By Dr. John Gille, Jean-François G. Gille, former theoretical physicist, University of Marseilles, France
Thursday, October 6th, 1988, 0645 a.m.:
We arrive, my female companion Elaine A. and I, in Albuquerque, New Mexico, USA, after eighteen hours on the Grey Hound.
Elaine A. is a registered nurse from Paris, France.
She had worked in New York, New York during her twenties, enough time to acquire U.S. citizenship.
I am merely holder of a Green Card since 1986.
Friday, October 7:
I have a short phone conversation with Gabriel Valdez*.
Gabriel Valdez, or rather ‘Gabe’ is a policeman of the State of New Mexico.

At this time he is in charge of the Bureau of Indian Affairs in the little town (I’d call it a village) of Dulce, a community in the most northern part of the State, quite close to the New Mexico/Colorado State line.
Mr. Valdez invites me to go there and see him without delay.
I had previously obtained Valdez phone number through William Steinman* (he wrote UFO Crash at Aztec, a book I had read a number of times.
Some ufologists did not take that book seriously – and I personally would not vouch for the reality of the ‘Aztec Crash’ itself – but I was interested and moved by the story about Paul F. Bennewitz*, of whom I heard for the first time in Steinman’s book).
I had recently received in France, where I lived, a few pages called ‘The Dulce papers’. I had translated into French the John Lear Statement [1].

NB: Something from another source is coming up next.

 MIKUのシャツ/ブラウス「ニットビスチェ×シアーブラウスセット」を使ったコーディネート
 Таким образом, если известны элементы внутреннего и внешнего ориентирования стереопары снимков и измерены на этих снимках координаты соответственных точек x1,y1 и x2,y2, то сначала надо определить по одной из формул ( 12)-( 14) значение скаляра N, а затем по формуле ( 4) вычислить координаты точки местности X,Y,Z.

Trying to know more and, if possible, beginning to understand not only the How but also the Who and, above all, the Why of the ‘Mutes’ – the animal mutilations, the paranormal cattle mutilations should we say – were the prime motivation of the whole trip to New Mexico.
Tuesday, October 11:
Driving to Dulce from Albuquerque is a three hours trip.
It’s a beautiful landscape, especially for people who love the deserts.
However, as one goes further to the northern part of the State, closer to the Colorado border, the hills and mesas look greener.
Around noon, we meet Gabriel Valdez and his wife, Marge*, for the first, at their home in Dulce.
Mrs. Valdez is a teacher in the village, which is at the limit of the Jicarilla’s [2] Indian Reservation.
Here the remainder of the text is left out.